▶ [The input]:

☆ ☆ ☆

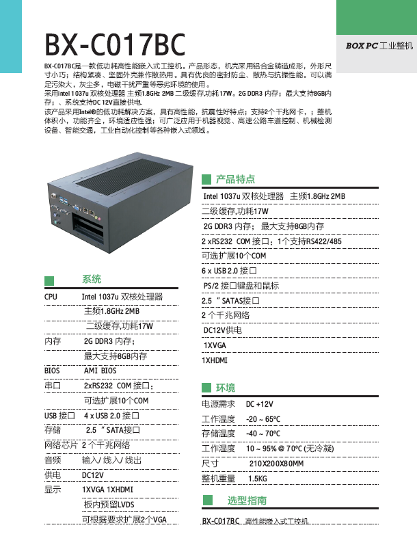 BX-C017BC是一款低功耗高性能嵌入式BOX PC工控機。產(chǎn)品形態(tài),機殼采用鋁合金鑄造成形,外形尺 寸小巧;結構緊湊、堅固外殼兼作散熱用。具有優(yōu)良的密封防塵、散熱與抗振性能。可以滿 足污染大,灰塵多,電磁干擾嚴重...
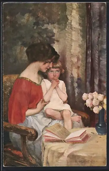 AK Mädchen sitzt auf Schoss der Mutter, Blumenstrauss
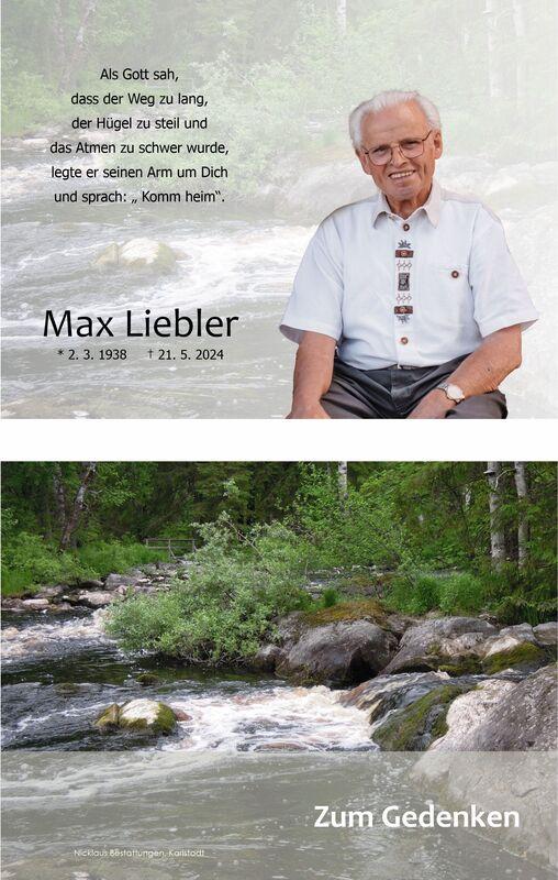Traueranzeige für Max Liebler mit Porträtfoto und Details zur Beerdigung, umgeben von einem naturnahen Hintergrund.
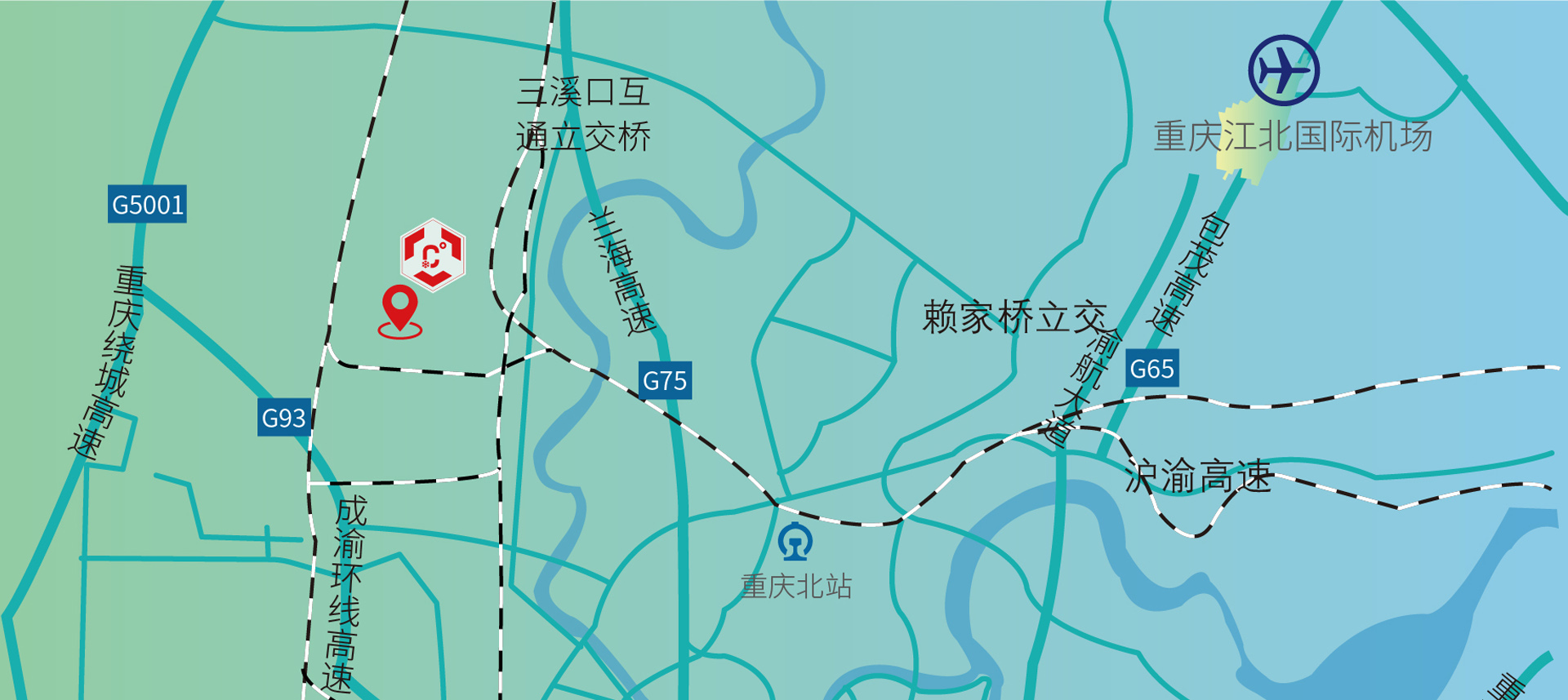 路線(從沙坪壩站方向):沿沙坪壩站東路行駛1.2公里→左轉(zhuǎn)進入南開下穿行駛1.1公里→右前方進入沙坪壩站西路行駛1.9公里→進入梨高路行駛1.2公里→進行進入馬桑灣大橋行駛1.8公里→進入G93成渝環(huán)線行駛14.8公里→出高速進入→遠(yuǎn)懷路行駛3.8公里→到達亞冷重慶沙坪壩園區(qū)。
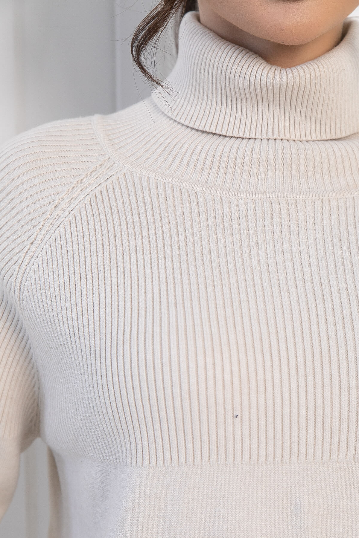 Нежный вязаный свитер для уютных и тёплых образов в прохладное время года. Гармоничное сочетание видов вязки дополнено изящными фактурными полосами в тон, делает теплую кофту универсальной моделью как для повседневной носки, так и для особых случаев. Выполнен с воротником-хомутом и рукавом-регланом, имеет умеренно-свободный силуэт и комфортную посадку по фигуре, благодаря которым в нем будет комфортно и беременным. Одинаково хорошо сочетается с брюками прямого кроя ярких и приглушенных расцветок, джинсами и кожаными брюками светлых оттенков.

☆ ☆ ☆

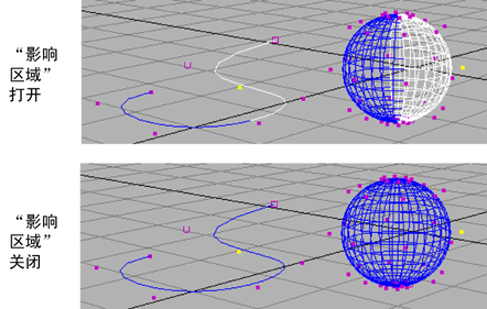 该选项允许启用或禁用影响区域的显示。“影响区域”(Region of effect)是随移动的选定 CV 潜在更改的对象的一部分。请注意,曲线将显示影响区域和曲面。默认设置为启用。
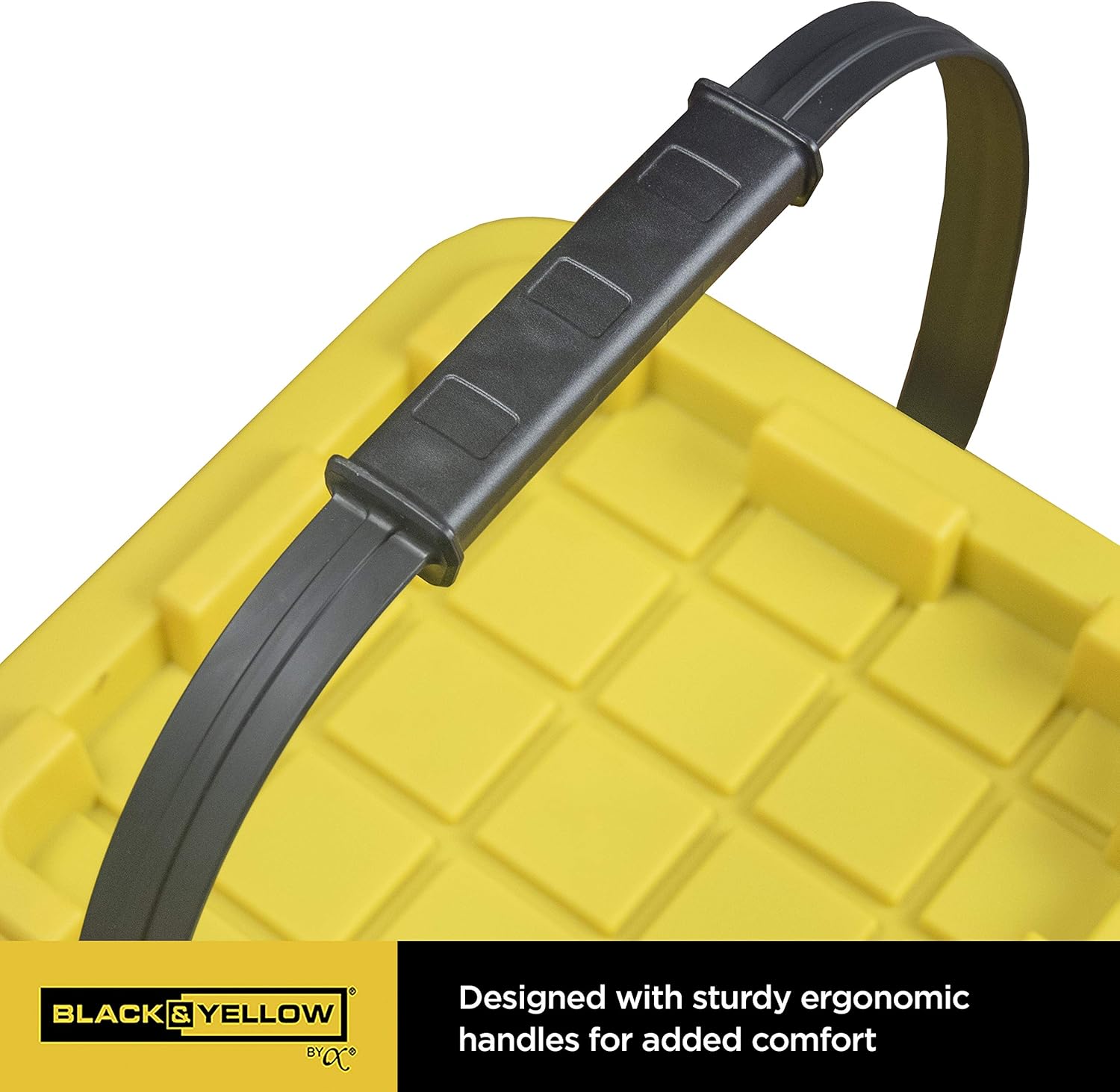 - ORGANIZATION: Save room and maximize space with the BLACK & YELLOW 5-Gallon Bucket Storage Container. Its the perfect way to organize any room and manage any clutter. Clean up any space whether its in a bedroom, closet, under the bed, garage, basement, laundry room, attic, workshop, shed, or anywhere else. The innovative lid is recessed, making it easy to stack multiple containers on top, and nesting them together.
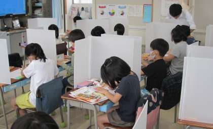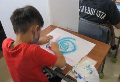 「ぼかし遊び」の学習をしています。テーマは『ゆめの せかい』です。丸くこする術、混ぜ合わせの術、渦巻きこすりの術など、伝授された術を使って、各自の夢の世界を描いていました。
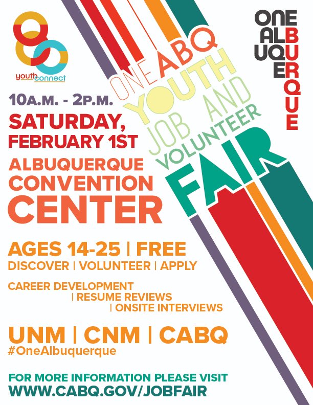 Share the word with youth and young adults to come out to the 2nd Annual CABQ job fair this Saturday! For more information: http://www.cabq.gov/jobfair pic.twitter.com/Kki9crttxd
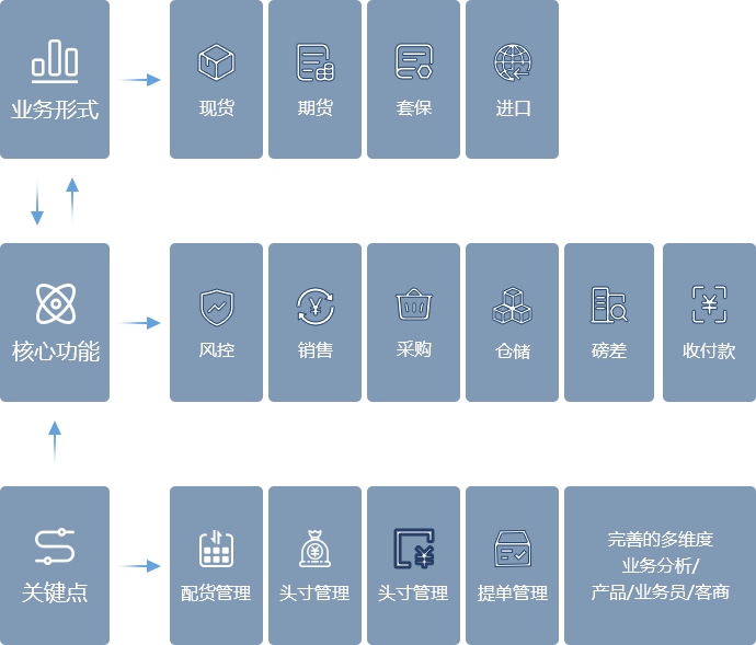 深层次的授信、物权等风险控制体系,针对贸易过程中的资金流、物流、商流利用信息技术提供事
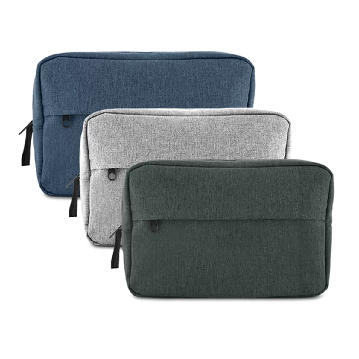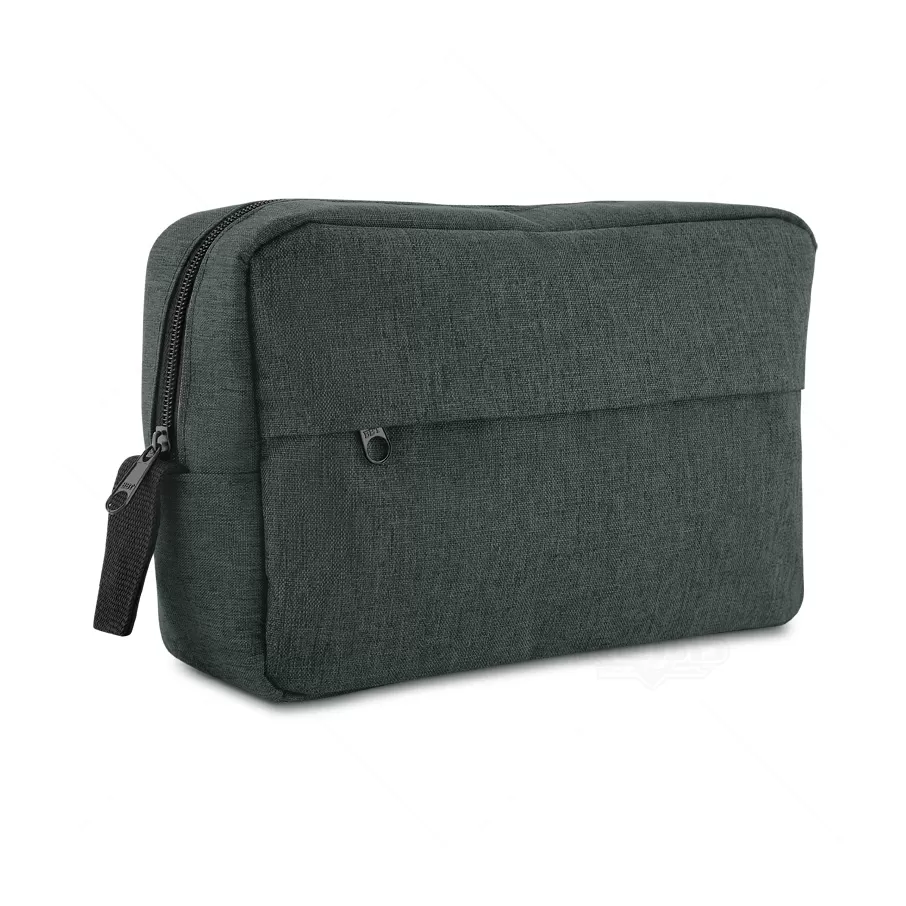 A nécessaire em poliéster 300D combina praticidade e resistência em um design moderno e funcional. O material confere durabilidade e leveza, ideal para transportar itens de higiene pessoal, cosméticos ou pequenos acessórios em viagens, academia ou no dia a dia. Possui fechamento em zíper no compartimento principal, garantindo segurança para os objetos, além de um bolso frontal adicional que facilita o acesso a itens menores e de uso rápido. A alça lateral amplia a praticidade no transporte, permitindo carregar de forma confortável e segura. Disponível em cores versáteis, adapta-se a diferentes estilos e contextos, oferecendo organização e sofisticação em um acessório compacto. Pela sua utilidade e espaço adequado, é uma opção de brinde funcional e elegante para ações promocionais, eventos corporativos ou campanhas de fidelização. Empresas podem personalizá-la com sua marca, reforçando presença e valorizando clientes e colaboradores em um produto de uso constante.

☆ ☆ ☆

▶ [Task details]:
Output only the lines above from the line that holds "effect)是随移动的选定 CV 潜在更改的对象的一部分。请注意,曲线将显示影响区域和曲面。默认设置为启用。" through the line that holds "深层次的授信、物权等风险控制", both ends included, and exclude pictures.

▶ [Exercise result]:
 该选项允许启用或禁用影响区域的显示。“影响区域”(Region of effect)是随移动的选定 CV 潜在更改的对象的一部分。请注意,曲线将显示影响区域和曲面。默认设置为启用。
 - ORGANIZATION: Save room and maximize space with the BLACK & YELLOW 5-Gallon Bucket Storage Container. Its the perfect way to organize any room and manage any clutter. Clean up any space whether its in a bedroom, closet, under the bed, garage, basement, laundry room, attic, workshop, shed, or anywhere else. The innovative lid is recessed, making it easy to stack multiple containers on top, and nesting them together.
 「ぼかし遊び」の学習をしています。テーマは『ゆめの せかい』です。丸くこする術、混ぜ合わせの術、渦巻きこすりの術など、伝授された術を使って、各自の夢の世界を描いていました。
 Share the word with youth and young adults to come out to the 2nd Annual CABQ job fair this Saturday! For more information: http://www.cabq.gov/jobfair pic.twitter.com/Kki9crttxd
 深层次的授信、物权等风险控制体系,针对贸易过程中的资金流、物流、商流利用信息技术提供事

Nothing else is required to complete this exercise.